The top image on the book cover is of “The Spirit of Detroit,” a statue that was dedicated in 1958. In its left hand, the large figure holds a bronze sphere emanating rays to symbolize God; in the right hand, is a family group that symbolizes all human relationships.
Detroit was roughly 70 percent white when this statue was dedicated. It rests outside the city’s municipal center, which has subsequently been renamed for the first Black mayor of Detroit, Coleman Young.
The bottom picture is of the Joe Louis Statue, a giant Black fist that has come to symbolize “Black power” in a city that is 89 percent Black in 2012.
In 1912, Detroit was less than 2 percent Black. Escape from Detroit: The Collapse of America’s Black Metropolis is the story of what actually happened in a city that was once dubbed “The Arsenal of Democracy.”
Hard to believe that in the 1920s, Detroit had the tallest buildings in America and a thriving arts and culture industry. Of course, the city was more than 90 percent white. The cosmopolitan attitude cultivated in Detroit, with architects building towers that jettisoned into the sky at heights previously unseen in the entire world, earned the city the title of “The Paris of the West.” Now, those largely empty buildings stand as a monument to ‘what could have been’ in a city that wasn’t ravaged by unions, liberalism, or a natural disaster.
It was neglected by its majority population that took over the city in the wake of the 1967 riots.
“The Mogadishu of the West” offers a warning to other American cities. In Black and white, this is the story of Detroit’s collapse.
Paul Kersey takes you on a journey into the real reason Detroit collapsed.
In 1950, Detroit was known to the World as the “Paris of the West.” Boasting a thriving economy and a population of more than 2 million people (80 percent being white), the sky seemed the only limit for this city on the move.
In 1967, the “Arsenal of Democracy” would be home to the worst riot in American history as the Black population of Detroit – roughly 30 percent of the population at the time– would explode in an orgy of violence that was only stopped when the Army marched into town to restore order.
The white population of the city would flee for the suburbs, leaving the remaining Black population in political control of the city’s destiny.
In 2012, order still hasn’t been restored.
Now, a city of roughly 770,000 inhabitants (89 percent Black) has collapsed in a sea of financial mismanagement, crime, drugs, broken schools, eroding infrastructure, and hopelessness.
Detroit is the story of America’s future. Escape from Detroit: The Collapse of America’s Black Metropolis is the first of it’s kind: a book that places the blame for the complete collapse of the city on its majority population.
It serves as a clarion call – a warning – to other American cities.

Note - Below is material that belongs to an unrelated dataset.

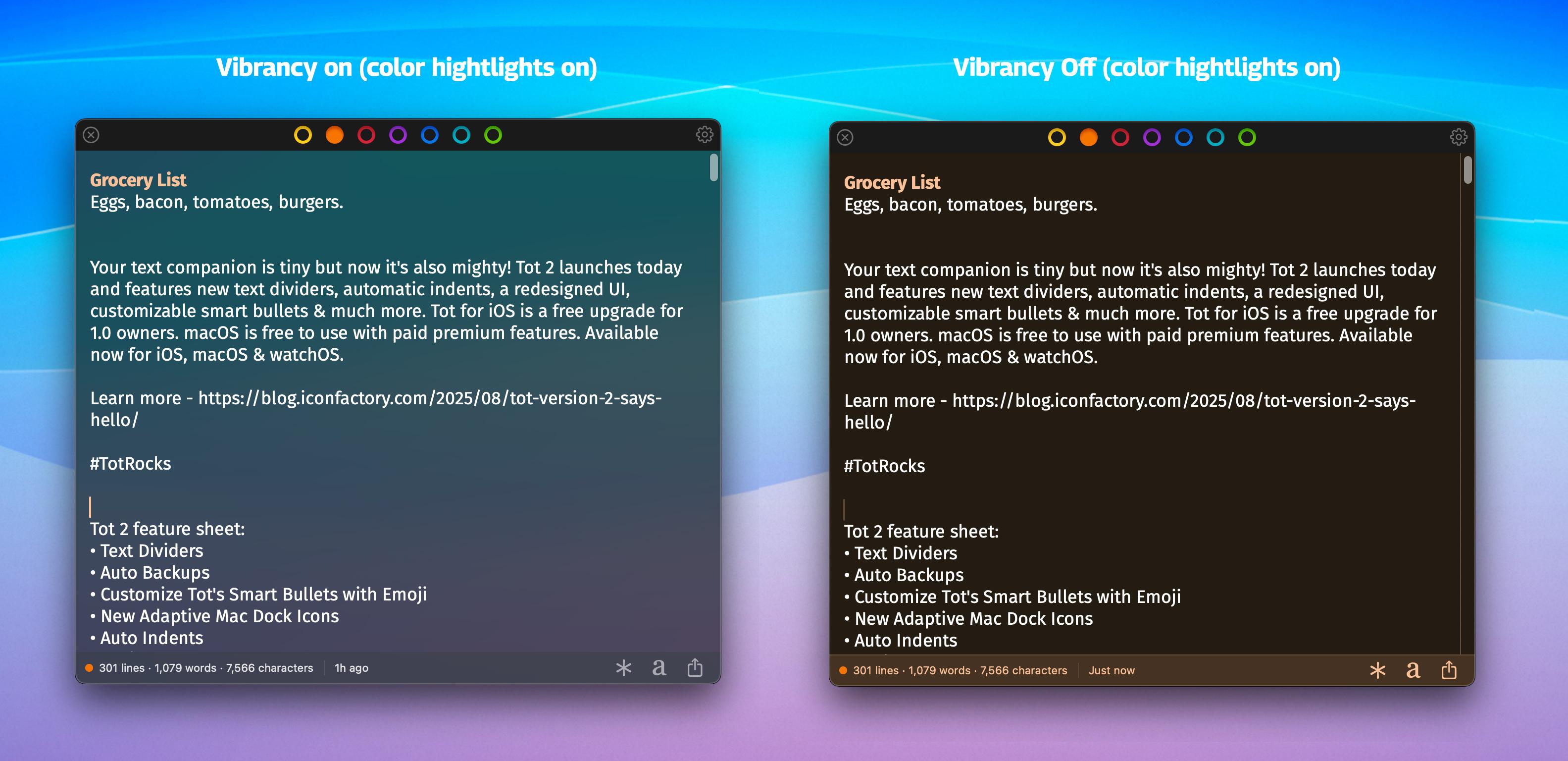 One of the late additions to Tot 2 on the Mac was the vibrant window background Setting. I convinced @chockenberry to give it a go and while he wasn’t really fond of it, I loved it. It really makes Tot feel modern and fresh. This what Liquid Glass is supposed to feel like, right? 😅

“Learn, Whitey, Learn!”—Paul Kersey’s ESCAPE FROM DETROIT By Peter Bradley (From Vdare.com)
In one of the best chapters of Escape From Detroit, Kersey compares the fate of Detroit to another Rust Belt city—Pittsburgh. The steel industry in Pittsburgh was hit much harder than the auto industry in Detroit in the 1970s and 80s. Yet the loss of its main industry did not cause Pittsburgh residents to riot and burn down their city. In fact, Forbes recently named Pittsburgh “The Most Livable City in America.” The Economist called Pittsburgh “The Best City in America.”
Of course, Pittsburgh is one of the whitest big cities in America while Detroit is the blackest. Whites are 65 percent of the population in Pittsburgh while blacks are only 25 percent.
Whites comprise nearly 90 percent of the greater Pittsburgh metro area.